Q/ Alors, il y a une autre élection ce soir. Je crois tard dans la nuit. C'est celle du successeur de Lionel Jospin à la tête du PS. Lionel Jospin, qui a un grand ministère d'Etat, a priori c'était fait pour Laurent Fabius. Il allait succéder à Lionel Jospin, et puis voici qu'un autre ancien Premier ministre de François Mitterrand se déclare candidat, Pierre Mauroy. Et on dit que, derrière la candidature de Pierre Mauroy, il y a ce qu'on appelle les mitterrandistes et, parmi les noms de ceux-ci qui ont poussé Pierre Mauroy, on cite Édith Cresson.
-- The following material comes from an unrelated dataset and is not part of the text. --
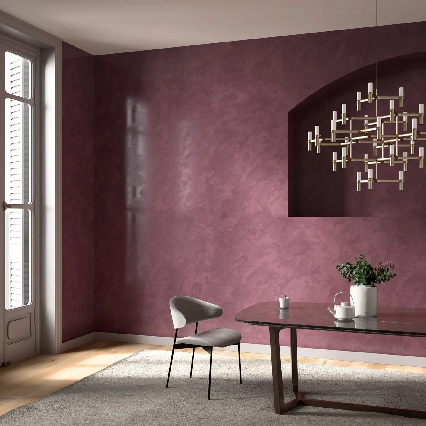 Stucco Veneziano SAN MARCO è un raffinato rivestimento murale per interni, il cui effetto decorativo richiama l’eleganza degli antichi palazzi aristocratici veneziani. Perfetto per creare atmosfere nobili e suggestive, dona alle superfici un effetto marmorizzato lucido e profondo, ideale per ambienti classici o moderni.

R/ Non, je crois qu'on ne peut pas dire que qui que ce soit ait poussé Pierre Mauroy. Il se trouve que la succession de Lionel Jospin est ouverte, que deux Premiers ministres aujourd'hui souhaitent prendre la direction du PS. C'est une décision très importante pour le PS. Car, dans les années qui viennent, il va avoir un rôle majeur à jouer dans la vie politique du pays. Et, c'est vrai que la personnalité du premier secrétaire est tout à fait déterminante.
Q/ Celui qui sera battu ne sera pas…
R/ Moi, je souhaite que personne ne soit battu. Il ne s'agit pas de ça. Il s'agit d'essayer de trouver une solution qui soit acceptable pour les deux parties et je pense que c'est de cela que nous discuterons ce soir.
Q/ Une solution qui ne ferait de peine à personne, ni à Pierre Mauroy, ni à Laurent Fabius ?
R/ Il ne s'agit pas de faire de la peine. Il s'agit de ne pas faire, au moment où nous avons besoin de toutes les forces du PS, de ne pas opposer deux hommes qui ont tous deux des mérites considérables.
Merci madame le ministre.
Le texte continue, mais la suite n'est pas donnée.